In one instance the patient presented with IBS and I determined the MDM to be moderate complexity.  The provider insisted that the patient had SOB, chest pain and these could be potentially life-threatening so it's high risk. In the note there was no indication that the patient was having SOB and chest pain at that visit - rather, it was part of the history that in the past, the patient has exhibited these symptoms.
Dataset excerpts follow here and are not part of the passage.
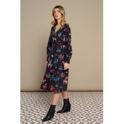 Minina Dress Minueto. Vestido largo, de manga larga y cuello redondo, totalmente estampado de leopardos en tonos salmón, verde, blanco y gris sobre fondo negro, en un diseño ajustado al cuerpo en la parte superior, pero con falda con más cuerpo y una caída ideal que le aporta mucho movimiento.
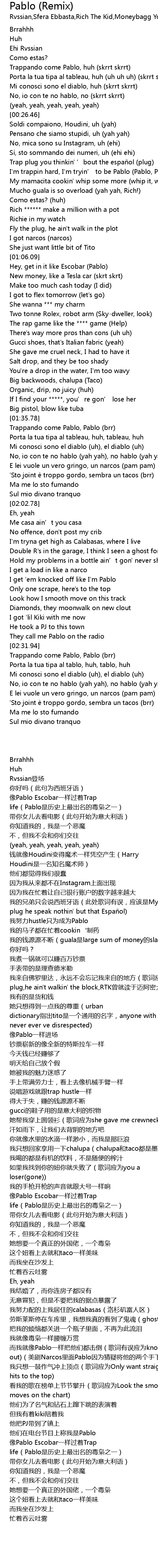 | [00:43.53] | I' m trappin hard, I' m tryin' to be Pablo Pablo, Pablo, Pablo |
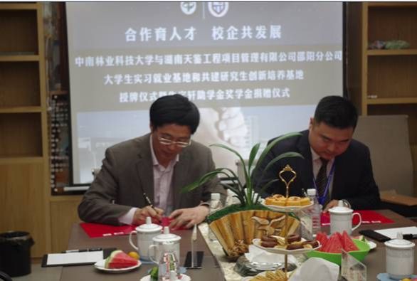 朱道弘副校长对于校企合作提出了“合作共赢”的期待,并双方签订了“中南林业科技大学-湖南天鉴工程项目管理有限公司邵阳分公司大学生实习就业基地”协议书和“中南林业科技大学-湖南天鉴工程项目管理有限公司邵阳分公司共建研究生创新培养基地”协议书。
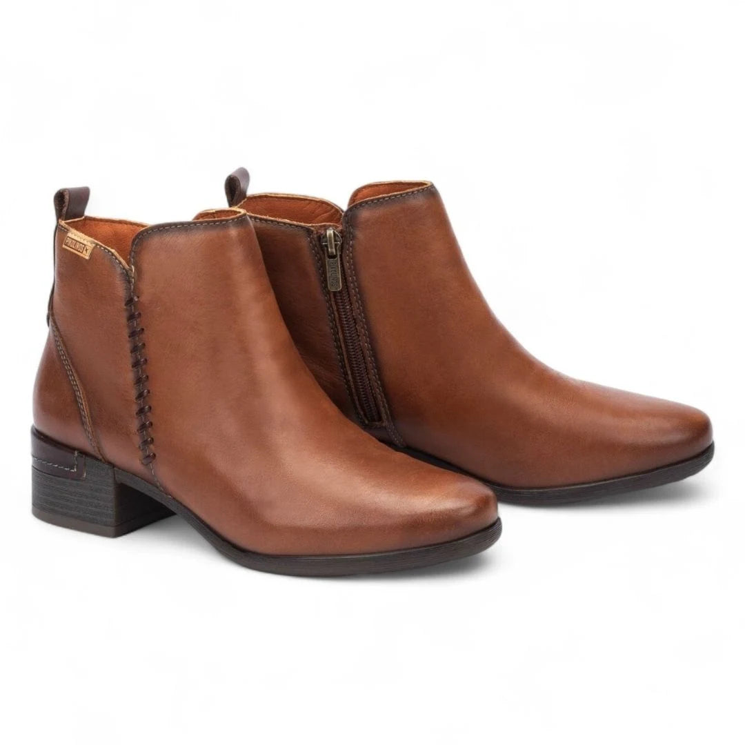 Malaga - Women’s Brown Mid Heel Zip Leather Ankle Boots
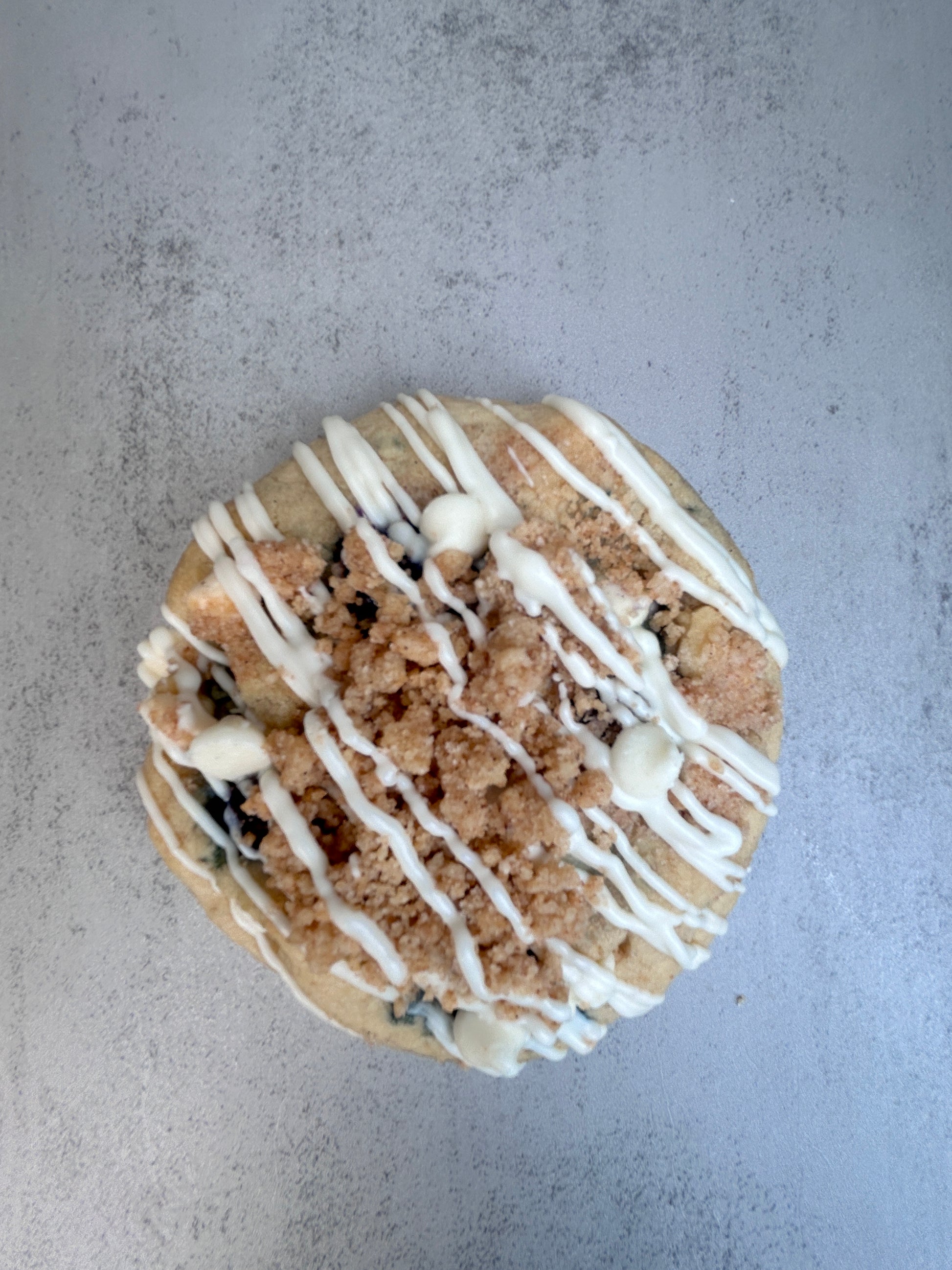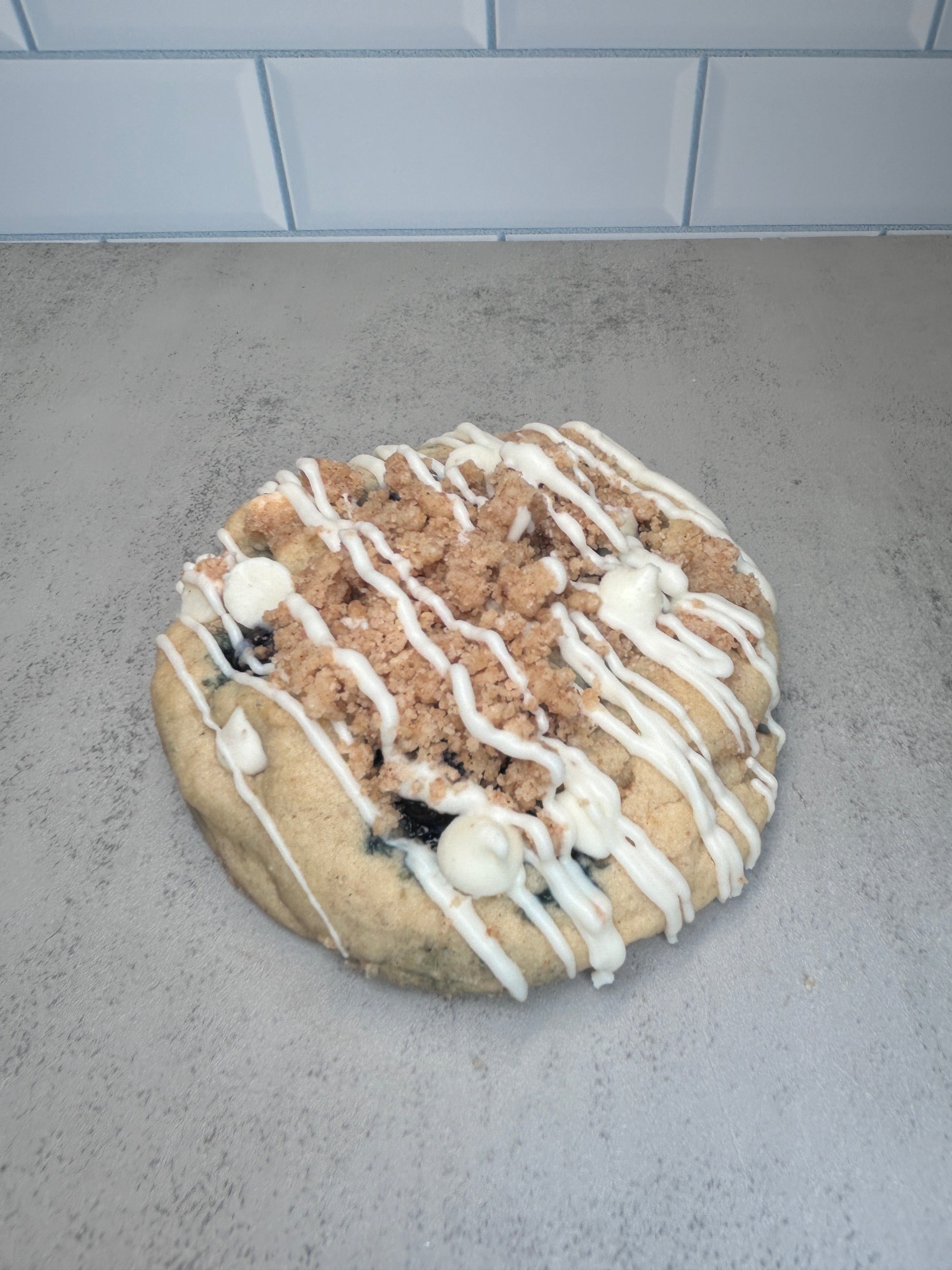 Our Blueberry Crumb Cookie is the perfect blend of comfort and luxury. Made with real blueberries, this soft and chewy cookie delivers a burst of fruity sweetness in every bite. The rich butterly cookie base is topped with a buttery spiced brown sugar crumb topping, creating the perfect balance of texture and flavor, all seal with the white chocolate drizzle kiss!

I believe that if it were high risk, the provider would not have referred the patient out, but rather would have sent the patient to the ER.  The fact they sent them to another doctor for workup means to me, this is not a life or death problem.  Of course SOB and chest pain could be evidence of possible heart and lung diseases, but it could also be just due to anxiety.  I don't believe that every patient who ever had SOB and/or chest pain is a high risk patient.  

I have been told that this is the way this provider is and all we can do is recommend, but the provider does not have to listen.  I don't think this is acceptable.  I feel it borders on fraud.  I believe if an outside auditor were to come in and scrutinize this provider's charts, it would be a huge mess.  I'm not comfortable with this at all, but being so new to my job, I'm really not sure how to handle it.

Am I overreacting?  What would you do in this situation?  Thank you for your patience, I know this is a long post.


----------



## thomas7331

Your reaction is understandable if you're new to confronting disagreements over E&M with a provider, but I can assure you this is actually a very common area of conflict between coders and providers and I wouldn't let it get to you.  Providers and coders look at documentation in very different ways and providers can often see a level of MDM that coders can't because they can read between the lines and interpret a patient's condition based on their own clinical experience whereas coders must just rely on what is stated clearly in the record.  It's true that billing high level visits more frequently that other providers can trigger a payer to do an audit, but payers are most concerned about serious abuse, and I'd reassure you that a difference of opinion between a level 4 and 5 visit based on MDM is not something that typically rises to the level of being fraud.  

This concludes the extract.